# Goal of the exercise
Output exactly, and only, the lines below from the one with "[SMC Pneumatics]Clean Regulator SRP1111-M5" down to the one with "4、确认大小、品质,点击【完成】按钮即可。". Include both end lines and no pictures.

# Data for processing
▼

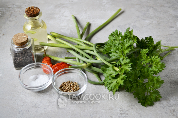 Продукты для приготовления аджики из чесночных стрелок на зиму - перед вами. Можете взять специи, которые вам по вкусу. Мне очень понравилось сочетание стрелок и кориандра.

▲
▼

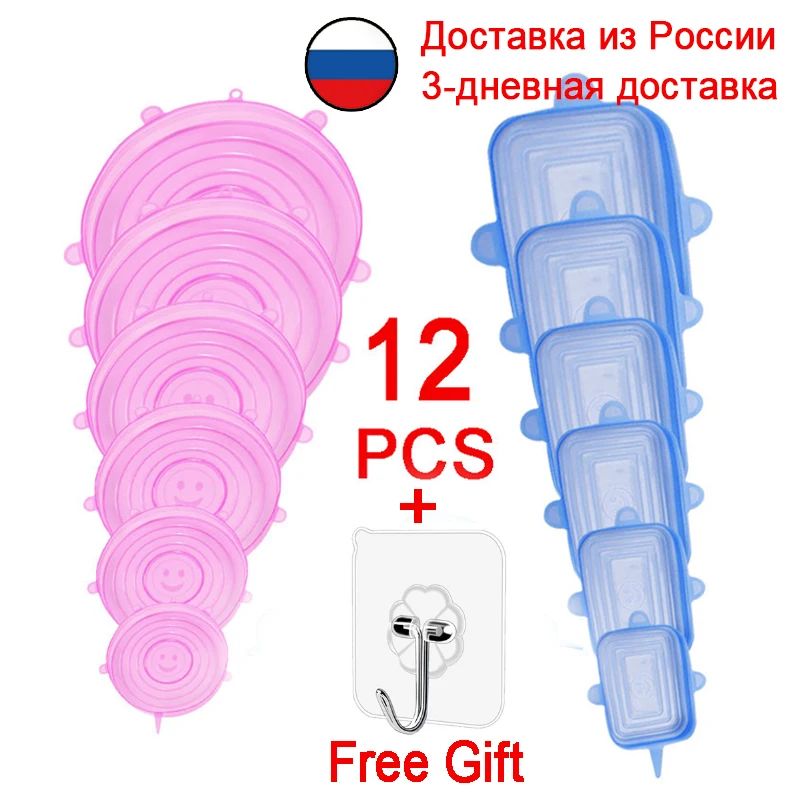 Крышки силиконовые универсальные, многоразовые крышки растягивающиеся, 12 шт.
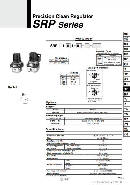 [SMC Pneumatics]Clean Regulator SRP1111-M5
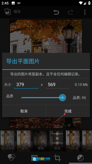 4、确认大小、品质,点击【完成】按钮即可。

▲
▼

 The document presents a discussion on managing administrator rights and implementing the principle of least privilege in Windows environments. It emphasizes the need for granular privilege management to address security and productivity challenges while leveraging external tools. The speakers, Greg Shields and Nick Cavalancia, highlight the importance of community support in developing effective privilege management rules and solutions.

▲

# Exercise result
 [SMC Pneumatics]Clean Regulator SRP1111-M5
 4、确认大小、品质,点击【完成】按钮即可。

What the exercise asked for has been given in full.